Ralph said, ‘Which is your apartment?’ 

Patrice turned around and pointed. ‘Right up there. Third storey. But they’ve drawn the drapes. You can’t see nothing.’ 

Ralph stepped back on the sidewalk and examined the stained, redbrick apartment block. The balconies were much narrower than he had expected – scarcely wide enough to accommodate a couple of chairs. But he knew that front-door assaults were always murderous. He had seen far too many uniformed officers shot down on Roxbury landings, and he wasn’t at all keen to be the next in line. 

‘Have you talked to them lately?’ he asked Patrice. 

‘I tried. But they don’t seem to show no sense of reason, man. They say they want their money and that’s it. They don’t care who’s got it.
I
have to find it for them. Shit man, I’ve tried, I’ve put all the feelers you can think of. But I don’t know who’s got it. Jesus, if I did, they could have it now.’ 

Ralph said, ‘They’re on the phone?’ 

‘That’s right.’ 

‘And there’s two of them?’ 

‘No more than that, for sure.’ 

Ralph said, ‘How long since they slept?’ 

‘Not since yesterday, man. We’ve been talking to them all of yesterday; and all of last night; and all of this morning.’ 

‘Both of them?’ 

‘Sure. They both got different voices. One of them sounds like Salem or Marblehead, know what I mean? Upstate, classy. That real weird drawl. The other one sounds more like regular Boston.’ 

‘They must be pretty tired.’ 

‘You tell me, man. They don’t
sound
tired. Neither of them.’ 

Ralph thought for a while, and then he said, quite sharply, ‘You don’t know where the money is, right?’ 

‘Man, if I knew –’ 

‘Okay, okay, I believe you,’ Ralph interrupted him. ‘But you don’t know who these guys are, either? I mean, you have no idea at all? Not even a clue?’ 
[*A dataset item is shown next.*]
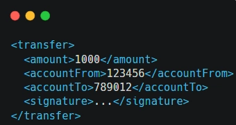 Consider a scenario where a financial application processes XML requests for fund transfers. The typical XML structure includes the transaction details and a digital signature:

‘Nobody I ever heard of, and that’s the 18-carat truth.’ 

Ralph rubbed his forehead with his fingertips. ‘I didn’t even know that anybody else was involved in this operation, apart from Jambo DuFreyne and Luther Johnson and all of the preppie connection, Harvard and Harvard Med and MIT.’ 

‘Man, I didn’t even know
that
,’
said Patrice. ‘I knew that Luther was dealing; but everybody knew that Luther was dealing. I mean, that’s his job.’ 
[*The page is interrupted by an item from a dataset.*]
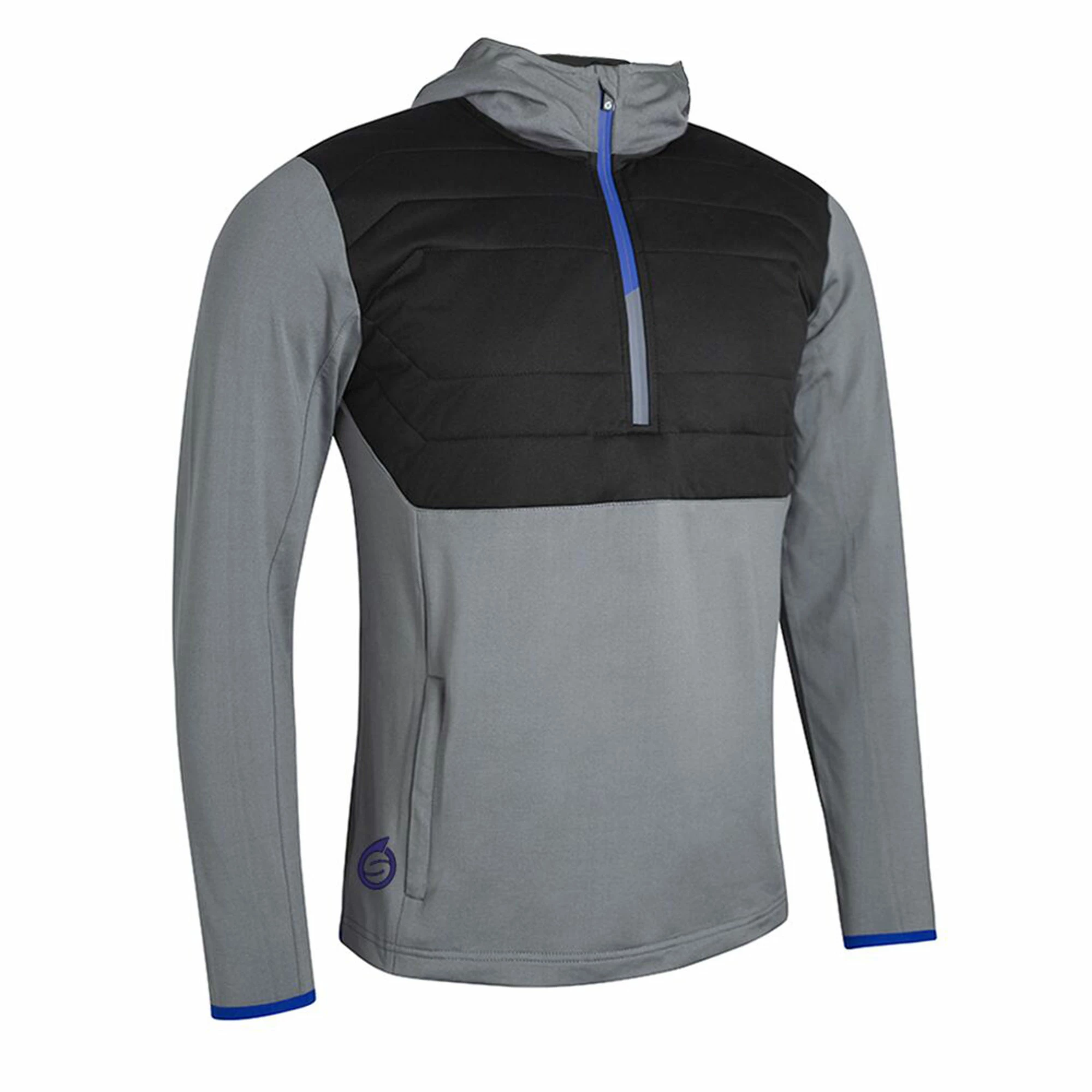 Sunderland Everest Showerproof Golf Hoodie The Everest Showerproof Golf Hoodie has been designed by Sunderland Golf to provide golfers with a mens golf hoodie that offers amazing warmth and comfort in colder weather conditions while also offering a brilliant range of movement and waterproof protection.& To make sure that golfers are as warm as possible while wearing this mens golf hoodie, Sunderland has used a lightweight construction that allows for padded body zones and a thermal fleece back to allow for heat to be recirculated. This means that the body heat that is created while walking a golf course will be retained for longer periods of comfort and warmth.& Sunderland has made sure that when you are wearing this warm golf jacket that brilliant fold swings can still be created thanks to the use of Polyester and elastane that have been used in a 4-way stretch construction. This means that golfers can experience a greater range of motion on their golf swing for much more fluid shots to be created.& To keep golfers protected while playing in light rain and wet conditions a hood has been included in the design while the entire Sunderland jacket has been coated in a water repellent finish to avoid rainwater being absorbed and becoming wet. Features 90% performance polyester 10% elastane 4-way stretch technical fabric with fleece backing; 100% polyester padded zones Teflon coated water repellent finish Low profile ‘S’ branded zips with chin guard Hooded collar. Stretch binding around hem and cuffs Embroidered ‘S’ logo above right hem &

‘So what’s the situation now?’ Ralph asked him. Tense, anxious, out of place. The good-looking black was watching him with eyes of unwavering hatred, and Henry ‘The Hammer’ was shuffling and ducking his neck and punching his fist into the palm of his hand. 
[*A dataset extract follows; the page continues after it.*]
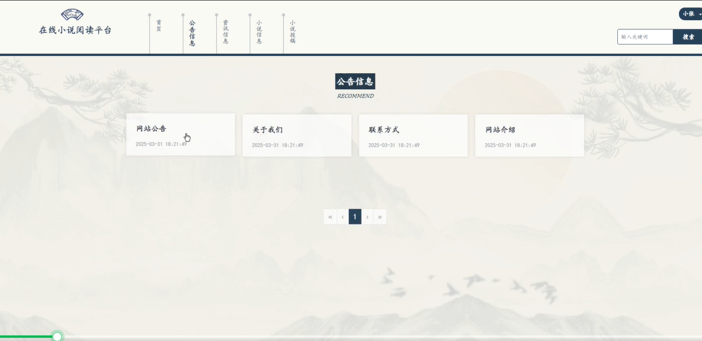 (6)小说信息:用户可以浏览平台上的小说,包括各类小说的详细信息、章节目录和更新情况。支持按分类、作者、关键词进行搜索,方便用户查找感兴趣的小说。

‘They’ve been hurting Verna,’ said Patrice, in a tight, off-key voice. ‘I don’t know how much, I don’t know how. I heard her on the phone and she was screaming. I never heard nobody scream like that. They say they’re going to kill her if I don’t bring the bag by twelve o’clock, no ifs or buts.’ 

Tears suddenly sprang into Patrice’s eyes; and Ralph looked at him, and got caught by something completely unexpected. For the very first time in his entire career he understood that the people he was policing were human; and that they were just like him; and that they wept and cared, even if they were burglars and racketeers and drug dealers and pimps. It wasn’t a question of forgiving. It was up to juries to forgive. But it was a question of understanding; and Patrice cried; and Ralph understood; and this was the man whose baby he had killed. 

Ralph said, ‘I’ll get her out. I’ve got some rope and a hook in the car.’ 

‘And that’s it? Some rope and a hook?’ 

‘That’s it. Provided somebody can direct me into the apartment directly above.’ 

Verna suddenly opened her eyes and felt excruciating pain in her wrists and ankles with her cheek pressed against the kitchen table, she could just see the square yellow electric clock on the kitchen wall and she found it both distressing and relieving that she had slept for less than twenty minutes. Distressing because she had needed to sleep for very much longer; and while she was asleep, she had at last been free from the prurient tortures that Bryan and Joseph had kept inflicting on her. But relieving because there were still two and a half hours to go until noon, when Patrice had promised to return the money. 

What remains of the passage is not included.